Is this due to varying system load?
I ran the benchmark few times (w/ and w/o the flag -XX:-UseCompressedOops) for validation. These are the results.
=== compressed pointer ===
Tensor4DBenchmark.accessTest thrpt 5 134.864 ± 1.269 ops/s
Tensor4DBenchmark.accessTest thrpt 5 134.174 ± 4.505 ops/s
Tensor4DBenchmark.accessTest thrpt 5 132.925 ± 3.045 ops/s
=== un-compressed pointer ===
Tensor4DBenchmark.accessTest thrpt 5 127.246 ± 0.588 ops/s
Tensor4DBenchmark.accessTest thrpt 5 132.426 ± 0.343 ops/s
Tensor4DBenchmark.accessTest thrpt 5 131.920 ± 1.218 ops/s
Two points to note here
- The numbers slightly went down when we are using un-compressed pointer
- There is jitter in the benchmarking system. Even though numbers seem very nearby to distinguish, if you recall the loop in the
realTestmethod - it iterates for 1_000_000 times, so the smallest differences in above numbers should matter for us. How do we eliminate these differences?

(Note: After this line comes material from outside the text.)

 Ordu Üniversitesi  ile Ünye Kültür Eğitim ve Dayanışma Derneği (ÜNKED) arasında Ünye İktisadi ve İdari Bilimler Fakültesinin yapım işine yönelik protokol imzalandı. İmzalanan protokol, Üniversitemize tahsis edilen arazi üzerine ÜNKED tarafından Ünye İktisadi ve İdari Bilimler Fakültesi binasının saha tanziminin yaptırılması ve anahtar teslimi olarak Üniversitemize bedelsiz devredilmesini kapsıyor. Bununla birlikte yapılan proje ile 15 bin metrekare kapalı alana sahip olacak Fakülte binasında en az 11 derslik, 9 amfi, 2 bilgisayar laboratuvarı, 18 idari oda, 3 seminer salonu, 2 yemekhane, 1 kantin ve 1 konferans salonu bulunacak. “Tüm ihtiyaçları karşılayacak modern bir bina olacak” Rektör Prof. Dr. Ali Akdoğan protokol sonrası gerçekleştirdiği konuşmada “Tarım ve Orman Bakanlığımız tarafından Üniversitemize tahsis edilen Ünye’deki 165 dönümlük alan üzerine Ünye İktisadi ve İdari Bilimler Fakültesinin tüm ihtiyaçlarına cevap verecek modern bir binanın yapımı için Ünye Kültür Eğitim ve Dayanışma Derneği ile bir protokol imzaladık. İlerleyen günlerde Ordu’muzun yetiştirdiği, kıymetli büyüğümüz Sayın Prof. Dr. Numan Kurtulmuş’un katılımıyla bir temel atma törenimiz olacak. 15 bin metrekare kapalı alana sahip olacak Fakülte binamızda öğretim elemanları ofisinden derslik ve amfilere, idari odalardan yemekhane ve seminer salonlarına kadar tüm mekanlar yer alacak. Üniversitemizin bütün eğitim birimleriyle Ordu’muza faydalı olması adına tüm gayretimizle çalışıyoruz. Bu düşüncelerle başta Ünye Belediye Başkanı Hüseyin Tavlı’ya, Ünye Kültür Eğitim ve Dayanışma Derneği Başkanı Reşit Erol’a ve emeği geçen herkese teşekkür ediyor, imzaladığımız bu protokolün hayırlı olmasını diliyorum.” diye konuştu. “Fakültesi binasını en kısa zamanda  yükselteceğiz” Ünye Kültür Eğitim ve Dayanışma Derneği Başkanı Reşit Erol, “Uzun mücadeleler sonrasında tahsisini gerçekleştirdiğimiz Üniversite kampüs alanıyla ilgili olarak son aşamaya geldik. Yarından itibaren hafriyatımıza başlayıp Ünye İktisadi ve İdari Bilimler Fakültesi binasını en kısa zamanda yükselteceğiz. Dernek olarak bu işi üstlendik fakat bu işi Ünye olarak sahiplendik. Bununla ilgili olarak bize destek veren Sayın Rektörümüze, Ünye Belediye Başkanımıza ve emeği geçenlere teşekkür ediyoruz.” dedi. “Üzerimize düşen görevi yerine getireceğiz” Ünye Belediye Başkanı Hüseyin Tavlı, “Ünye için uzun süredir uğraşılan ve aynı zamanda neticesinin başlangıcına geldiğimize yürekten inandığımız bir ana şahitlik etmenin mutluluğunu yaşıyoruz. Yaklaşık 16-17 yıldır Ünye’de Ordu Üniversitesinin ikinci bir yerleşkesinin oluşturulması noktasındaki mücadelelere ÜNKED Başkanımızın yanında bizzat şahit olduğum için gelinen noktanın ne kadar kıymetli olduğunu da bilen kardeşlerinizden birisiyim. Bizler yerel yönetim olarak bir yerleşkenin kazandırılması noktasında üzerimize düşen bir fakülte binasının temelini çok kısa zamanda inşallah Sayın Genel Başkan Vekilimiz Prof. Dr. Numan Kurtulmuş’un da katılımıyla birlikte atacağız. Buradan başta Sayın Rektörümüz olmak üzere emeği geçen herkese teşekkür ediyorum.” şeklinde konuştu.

Why performance decreased with un-compressed pointer?
I have no freaking clue. I need to experiment and figure it out. May be in subsequent episodes.
Jitter in the system
What can we do here? Is it the system load? Is our thread is time sharing CPU core with other tasks in the system or the thread is jumping between cores (getting scheduled on different cores)?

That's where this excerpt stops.